Du pain sur la planche…

Autre défi majeur à relever : la production et la distribution d’eau et d’électricité. Les citoyens les plus modestes n’ont de cesse de se plaindre des coupures régulières d’approvisionnement en eau et des délestages tout aussi fréquents. Pourtant, en matière d’énergie, le potentiel hydroélectrique du Congo est évalué à 2 632 mégawatts… mais la puissance installée n’est que de 150 mégawatts et, pire, le taux d’utilisation des capacités des unités actuellement en service, y compris une centrale à gaz et une centrale thermique, est de seulement 33 %. En attendant la mise en service de la première turbine du barrage d’Imboulou, en décembre (voir p. 87).

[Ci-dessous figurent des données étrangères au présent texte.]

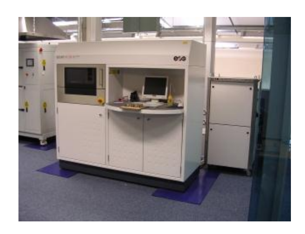
Figure 1 Rapid manufacturing facilities of the IPDC

The significant investments that have been made in "time compression technologies" e.g. computer-aided design (CAD), computer aided manufacture (CAM), and rapid prototyping, reflect a commitment to rapid product development practice (Figure 1). Through the IPDC the entrepreneurial SME can access the facilities to support their product development project at minimum risk to the company and zero investment on their part in the technology. For example, the development of CAD models of design concepts can quickly lead to prototype parts being made in the Centre's rapid manufacturing facility – these prototypes allow for an early evaluation of design concepts and enable the "proof of concept" stage to be delivered quickly and effectively (Figure 2).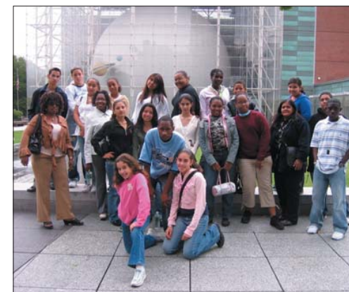
The Westchester Scholars at the Haden Planetarium

Westchester is gearing up for a spectacular event right in our own backyard. For the first time ever, the prestigious Empire State Games, the largest amateur sports competition second only to the Olympics, is coming from Wednesday, July 25 through Sunday, July 29. Now in its 30th year, the Empire State Games is a program of the New York State Office of Parks, Recreation and Historic Preservation and is run in conjunction with the local community in which they are held. (Continued on page six)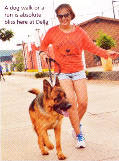
A dog walk or a run is absolute bliss here at Della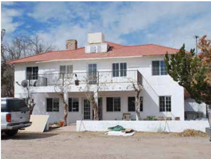
Current facility under renovation

Facilities at Radium Springs date back to the 1880s when it was known as Fort Selden Hot Springs. In 1912, the Fort Selden Hot Springs Resort, National Spa and Improvement Co. was formed to develop the springs. The site had long been a water stop for the railroad which is just a few yards from the inn. Quality lodging for passengers was an important part of the Santa Fe Railway system during the late 19th and early 20th centuries. The inn was built in 1928-31 as a tourist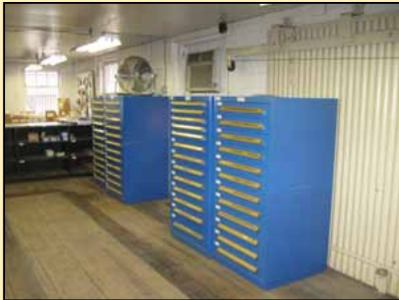
Equipto Sliding Drawer Cabinets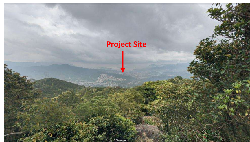
V5 – Visitors of Ngau Kwu Leng Hiking Trail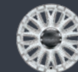
1M1 - 16" Alloy wheels white painted with diamond finish (only with Pack Dolcevita Plus)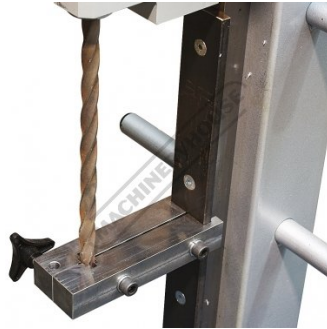
Shown Twisting Square Metal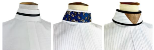
4. Thin Accent Band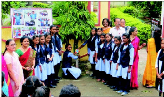
Science awareness programme org. by Dept. of Chemistry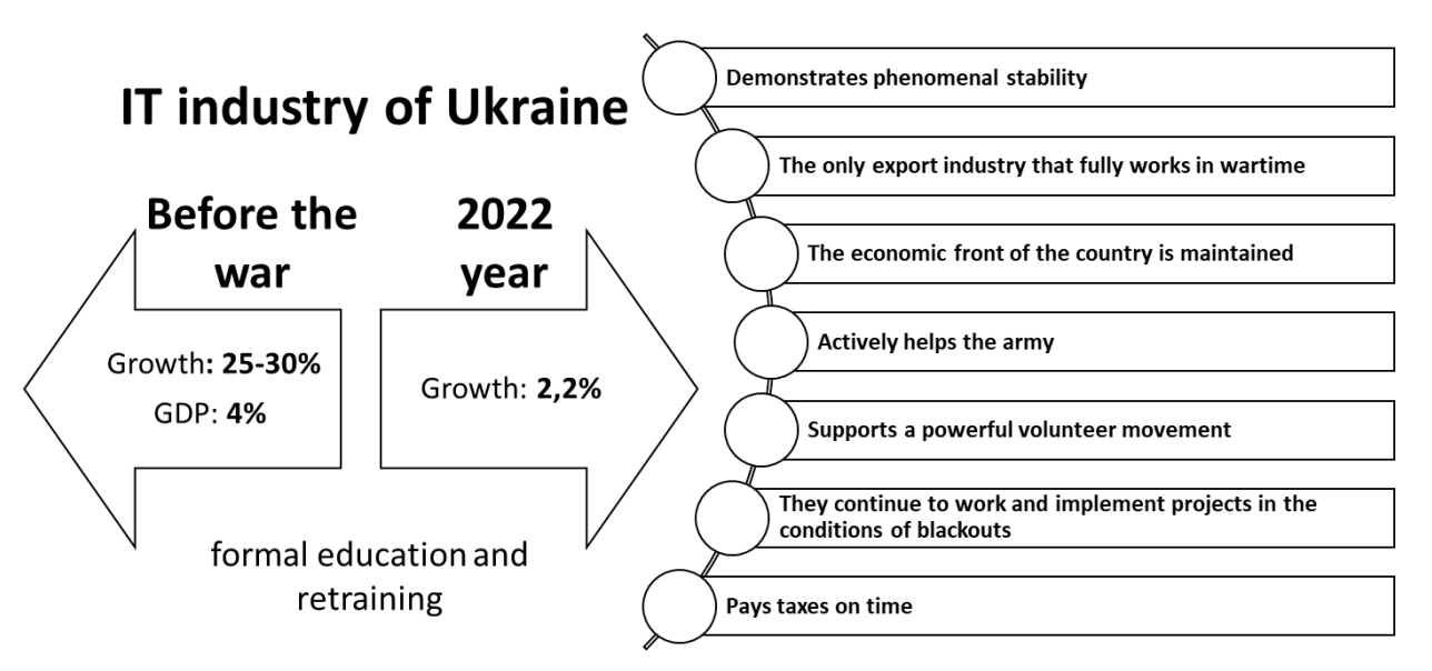
Figure 1. Trends in the Development of Ukraine's IT Industry

use of high-tech tools for conducting military operations. This progress became possible thanks to the assistance provided by European NATO member countries, which supported the rapid transformation of the Ukrainian army according to NATO standards in the shortest possible time. Despite the numerical superiority of Russian forces, Ukrainian troops achieve significant successes on the battlefield due to better technical equipment, specialized software, and high professionalism.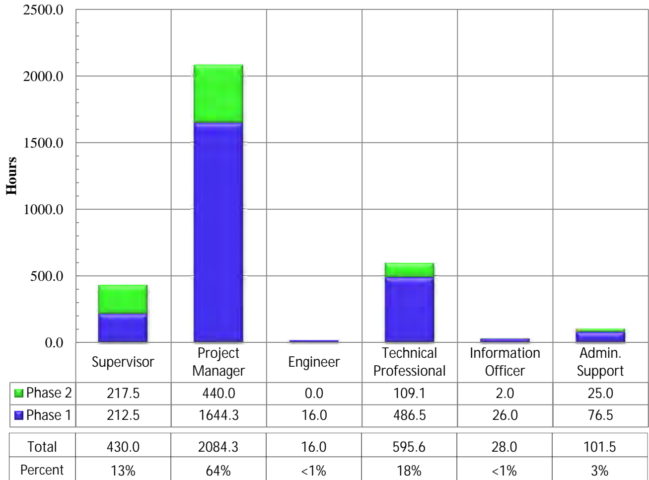
Figure 2. Distribution of staff hours spent on EAWs by position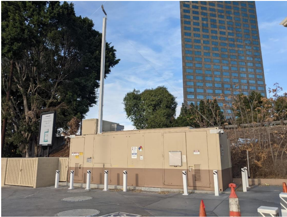
Figure 4: Linde Unit (Compressing and Dispensing Equipment)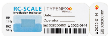
Rad-Control Scale after irradiation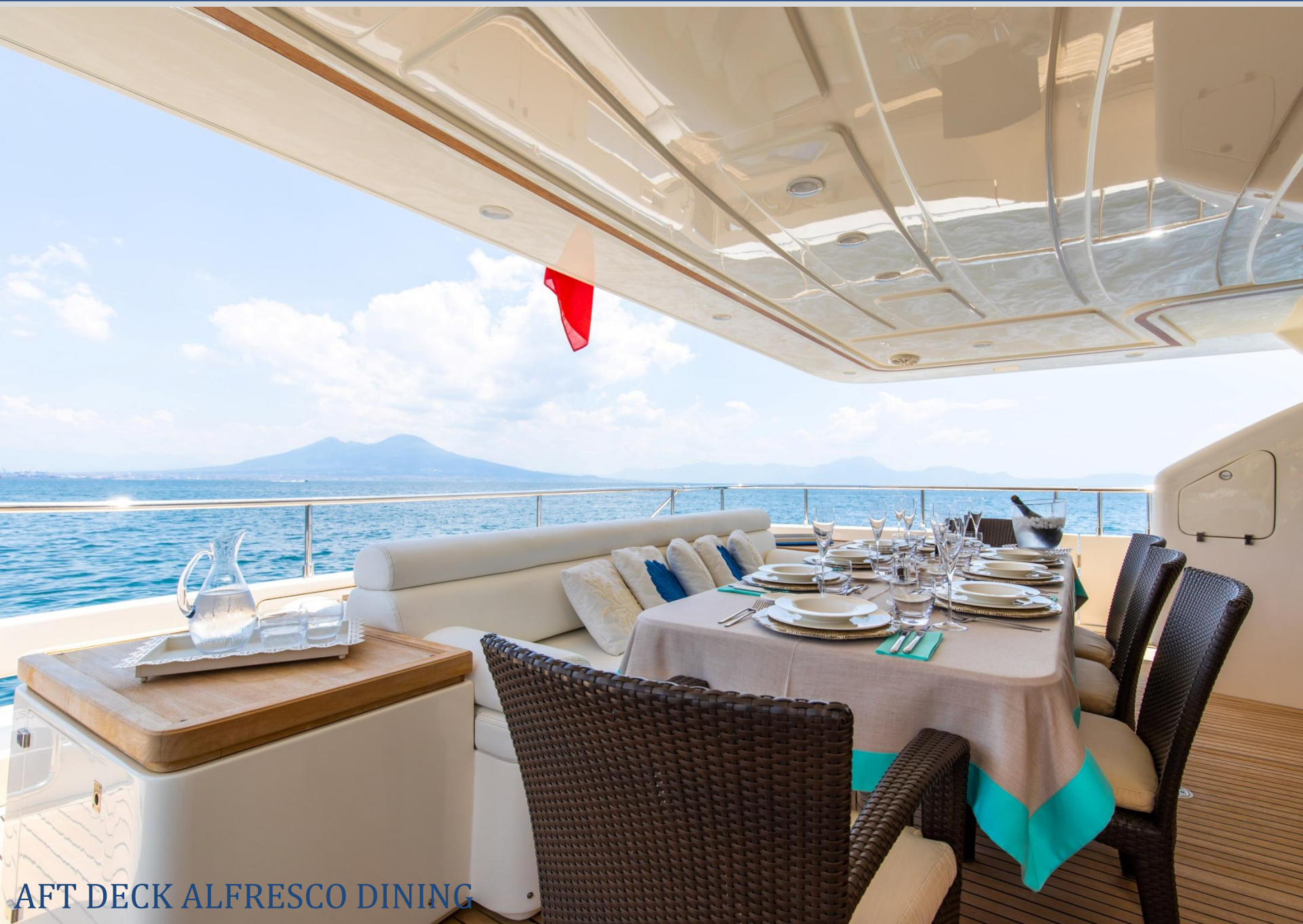
AFT DECK ALFRESCO DINING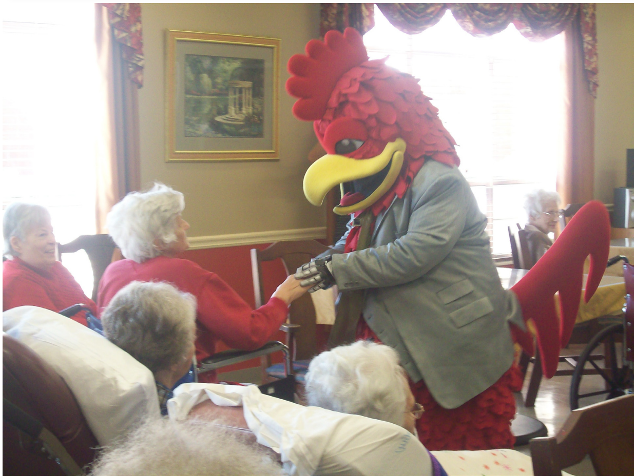
Above: Cocky greets the lovely ladies that reside at Piedmont Health Care.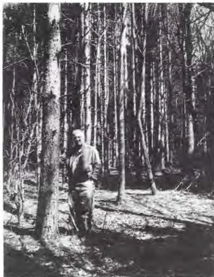
Small openings in pine plantations may be developed for red oak stands.

Possibly, you may find such sites within the conifer plantations where the stocking density is low or cleaning is necessary. Just make sure the site potential for red oak is good — you can clean out areas of over 1 acre, leaving an occasional pine for that necessary overhead shade. The same process may be used in your maple stands, breaking up "mono-types" for the eventual red oak stands.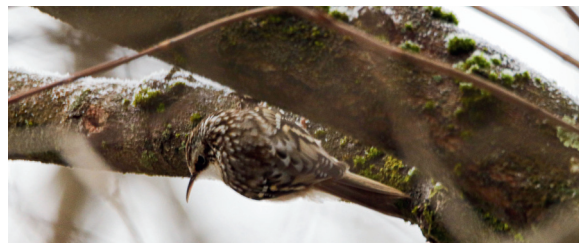
Brown Creeper

Please refer to the website for more details on the options - from dark roast to light roast to decaf - that are available, and how to order. Coffee sale proceeds support DOAS programs.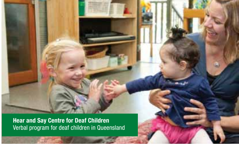
Hear and Say Centre for Deaf Children Verbal program for deaf children in Queensland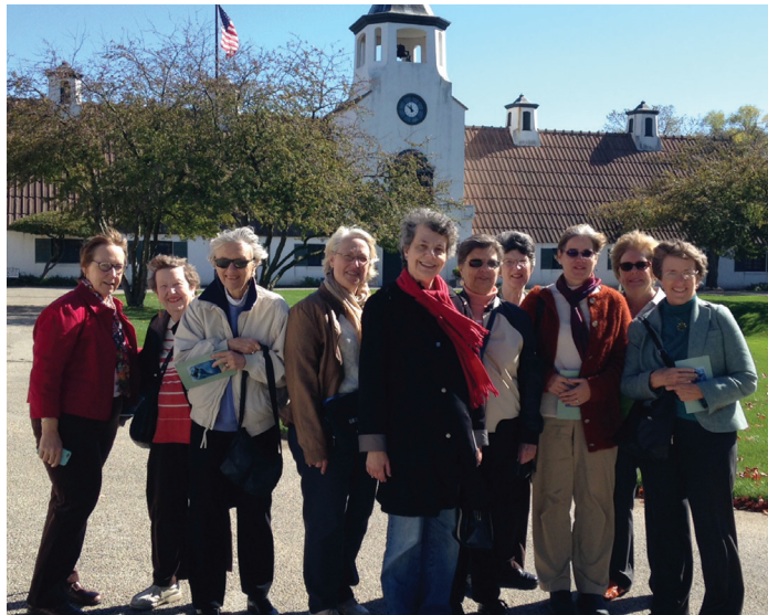
In front of the main barn at Crab Tree Farm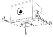
2-Hour Fire Rated 3" ICA Housing New Construction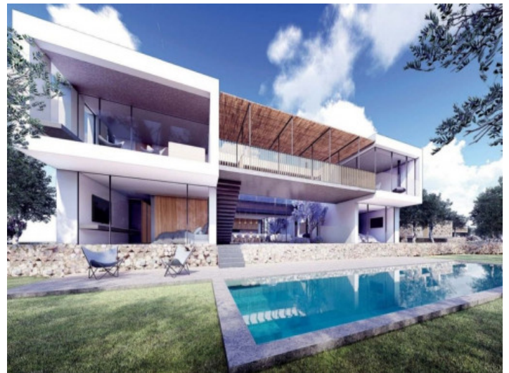
Exterior view with pool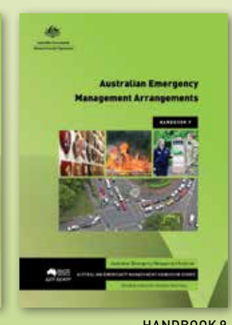
HANDBOOK 9 Australian Emergency Management Arrangements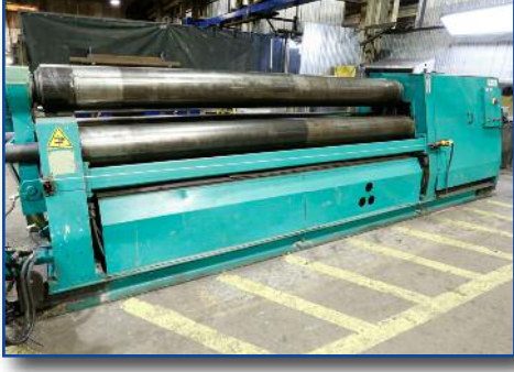
BIKO 3HCD DOUBLE INITIAL PINCH 3-ROLL HYDRAULIC BENDING ROLL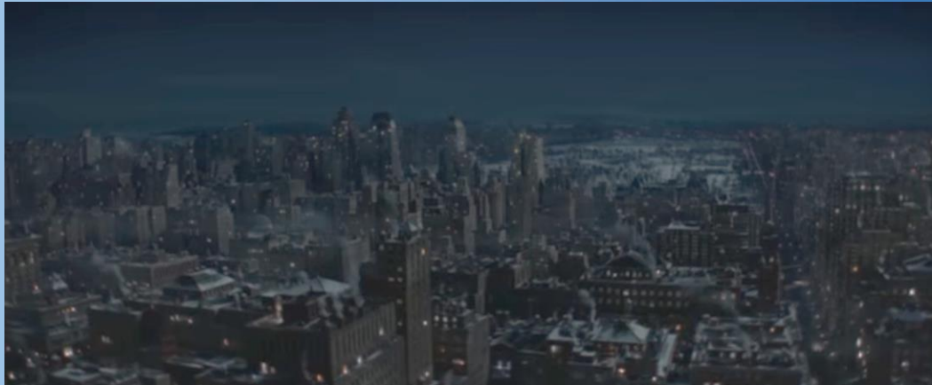
Fantastic Beasts & Where to Find Them (2016)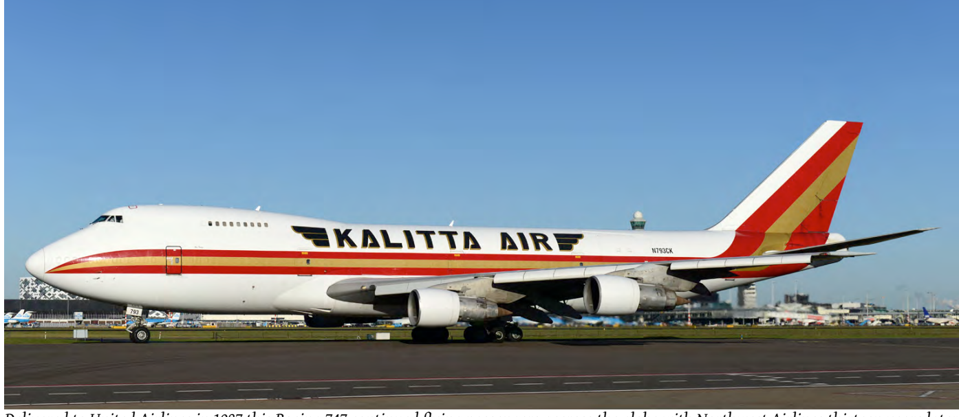
Delivered to United Airlines in 1987 this Boeing 747 continued flying passengers accross the globe with Northwest Airlines thirteen years later. It was converted to freighter in 2001 and continued to operate with Northwest for the next nine years. Kalitta added the aircraft to its fleet in 2010 as N793CK. In March 2017 the aircraft will celebrate its pearl anniversary. (Amsterdam-Schiphol, 28 November 2016, Ton Jochems)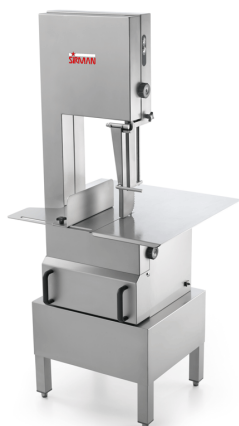
Sirman Bone Saws , model SO 2400 Inox :

Sirman Spa Viale dell'Industria 9/11 35010 PIEVE DI CURTAROLO (PD), Italy Tel./Fax. +39 049 9698666 / +39 049 9698688 email: info@sirman.com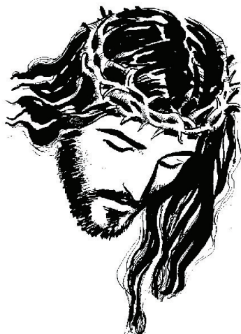
Jesus, remember me when you come into your kingdom.

VII. Bruised, derided, cursed, defiled, She beheld her tender Child, All with bloody scourges rent.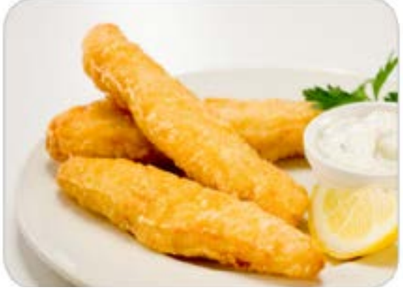
Cod made using Fish & Chips Batter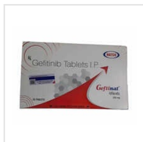
Gefitinat 250mg Gefitinib Tablet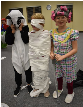
We had lots of fun at our Fall Party in October.

3rd—5th Grade Students Wednesdays 6:00—7:00 pm Fellowship Hall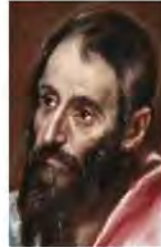
Saint Paul (ca. 10-67 AD), one of the apostles of the early church and author of several letters in the New Testament. From painting by El Greco, from Saint Louis Art Museum, Missouri, USA.

"I want you to be free from anxieties. The unmarried man is anxious about the affairs of the Lord, how to please the Lord, but the married man is anxious about worldly affairs, how to please his wife, and his interests are divided." (RSV)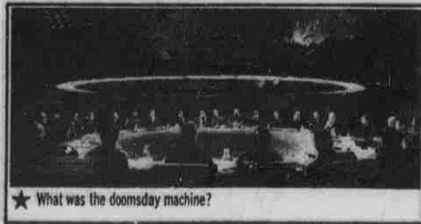
★ What was the doomsday machine?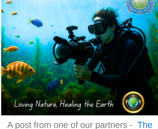
A post from one of our partners - The Earth and I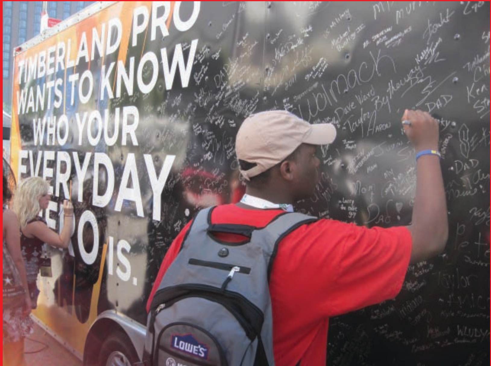
Timberland PRO Sponsorship of the SkillsUSA National Service Day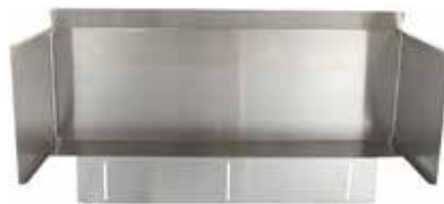
Wind Guard BLZ-WG-25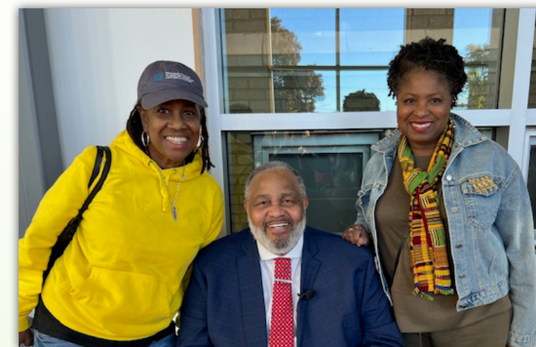
Representatives from NAACP with our 2024 Big Read flagship author Anthony Ray Hinton.

We had 462,049 virtual visits, including 389,132 hits on our website, 52,819 visits to our databases, and 20,098 views on our YouTube channel.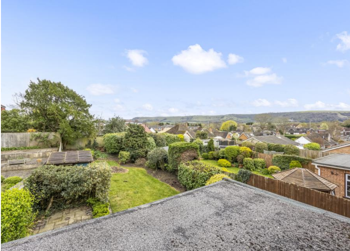
Stunning views of The South Downs from the first floor.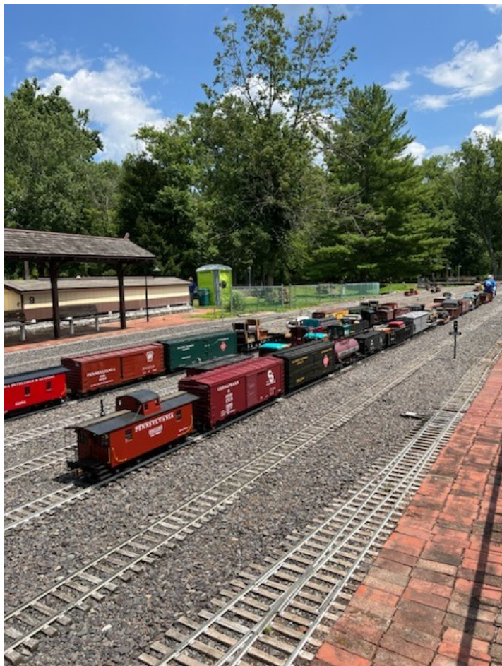
The yard beginning to fill with freight cars for the day's runs.

L’amélioration de la qualité de l’enseignement et des infrastructures d’accueil est une autre urgence. À Brazzaville, beaucoup d’établissements scolaires n’ont ni eau courante ni électricité. Quant aux résidences universitaires, elles laissent à désirer : pas de restaurant, des dortoirs surpeuplés (6 étudiants par chambre)… Prioritaire aussi, le secteur de la santé (voir pp. 90-92) : l’objectif est de promouvoir et de protéger, sur tout le territoire, la santé de la population et des collectivités et de garantir à tous l’accès à des services et à des soins de qualité, en renforçant les capacités du pays à gérer le système de santé national. À cet égard, un Plan national de développement sanitaire couvrant la période 2007-2011 est en cours.

Enfin, la question de l’emploi est, depuis longtemps, un sujet de mécontentement. Beaucoup de Congolais, dont nombre de jeunes, sont au chômage (voir p. 86). Faute d’entreprises en nombre suffisant, ceux qui sortent de l’université ou des centres de formation viennent grossir les rangs des oisifs. Denis Sassou Nguesso est convaincu « qu’industrialiser le pays est la solution appropriée à l’épineux problème du chômage avec son corollaire la pauvreté ; c’est la plus sûre garantie de création d’emplois ». Infrastructures de qualité, éducation et santé améliorées, création d’emplois grâce à l’industrialisation, nomination de personnes « qui soient exemplaires et de bonne éthique »… Bref, changer le Congo de fond en comble en impliquant tous et chacun dans une nouvelle dynamique visant le respect de certaines valeurs : Denis Sassou Nguesso a du pain sur la planche. Il a sept ans pour prouver que son « Chemin d’avenir » est un projet de société qui mène quelque part.